John McCain launched a new plan today to purchase mortgages directly from struggling homeowners, using $300 billion of the $700 billion provided in Congress’s financial rescue package.
McCain first mentioned the plan in last night’s presidential debate, and today the Arizona senator’s campaign rolled it out in full, detailing it in an e-mail to supporters and on a conference call with the media.
Under the plan, McCain would direct his Treasury secretary to implement the plan, buying up individual mortgages and replacing them with fixed-rate mortgages insured by the Federal Housing Administration (FHA) at a rate of around five percent, his campaign says.
McCain economic adviser Doug Holtz-Eakin outlined how the process would work on a conference call with reporters today.

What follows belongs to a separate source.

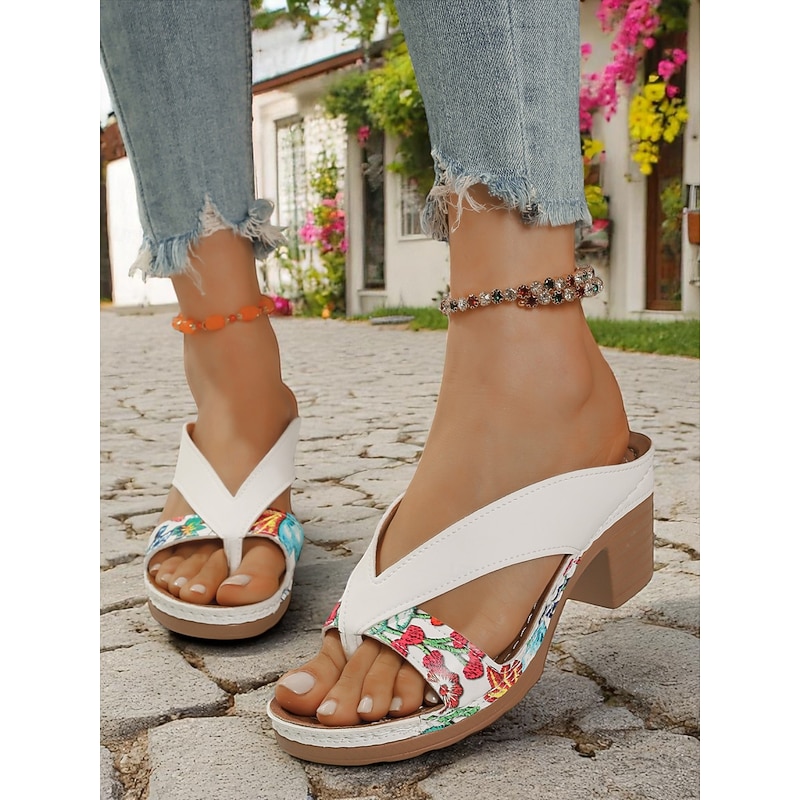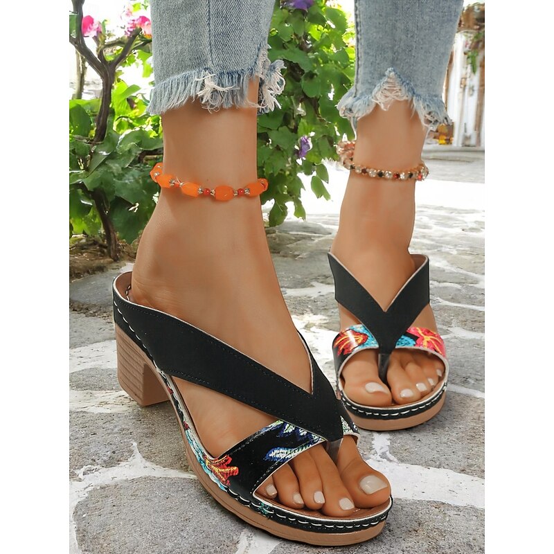 HOT ! Women's Floral T-strap Sandals - Stylish Black and Floral Design with Comfortable Heel, Ideal for Casual Summer Outings and Garden Parties

“A homeowner would initiate the process by calling a mortgage broker or other originator and basically saying, ‘I’d like to refinance my home.’ They would start the underwriting process, verify incomes,” Holtz-Eakin said. “This is an opportunity as well to make sure the program has in it appropriate checks to make sure that government money is not being given to folks who are not primary homeowners, who don’t have adequate income, or otherwise, in the initial purchase of their home didn’t provide valid information.”
Those mortgages would be bought by the Treasury, and the FHA would issue guaranteed, thirty-year, fixed-rate mortgages in their stead, according to Holtz-Eakin.
Homeowners would have to meet two qualifications to enroll in the plan. They would have to live in the home as a primary residence, and they would have to prove their creditworthiness at the time of the original loan.